To do: With the pictures left out, transcribe exactly the lines from the one with "Corey Pronman, The" through the end of the data.

Data for analysis:

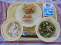 ごはん バジルチキン レモン和え ミネストローネ 牛乳今日は、バジルの香りが食欲...
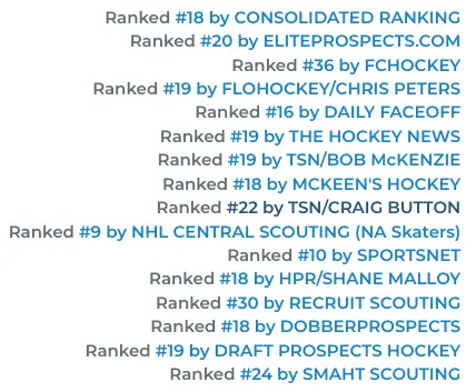 Corey Pronman, The Athletic: “There is a lot to dream on in Honzek’s game and “upside” is often the word used among scouts when discussing Honzek. A true believer can look at him and wonder if he can turn into Roope Hintz one day, with his near 6-4 frame, powerful skating, and skill. That level of offense hasn’t been there in his game consistently, but it’s still been good, and there is a realistic path for him to become a very good NHL player.”
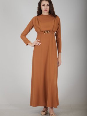 Ardanewline Camel Üzeri Pilise Detaylı Elbise
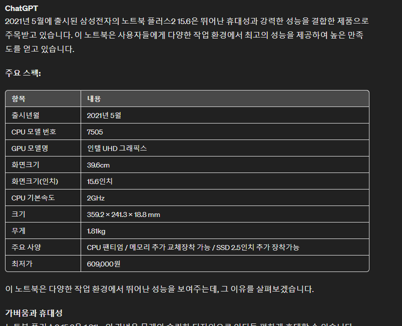 답변이다. 주요 스펙을 보기 좋게 표로 만들었다.
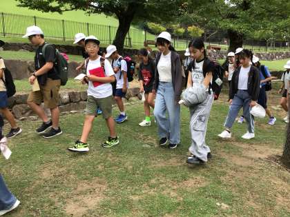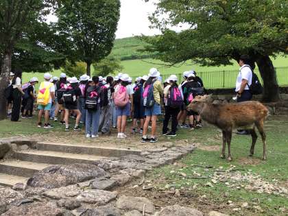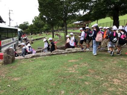 退館式を若草山で、行いました。鹿たちにも見送ってもらい、奈良を出発です。

Exercise solution:
 Corey Pronman, The Athletic: “There is a lot to dream on in Honzek’s game and “upside” is often the word used among scouts when discussing Honzek. A true believer can look at him and wonder if he can turn into Roope Hintz one day, with his near 6-4 frame, powerful skating, and skill. That level of offense hasn’t been there in his game consistently, but it’s still been good, and there is a realistic path for him to become a very good NHL player.”
 Ardanewline Camel Üzeri Pilise Detaylı Elbise
 답변이다. 주요 스펙을 보기 좋게 표로 만들었다.
 退館式を若草山で、行いました。鹿たちにも見送ってもらい、奈良を出発です。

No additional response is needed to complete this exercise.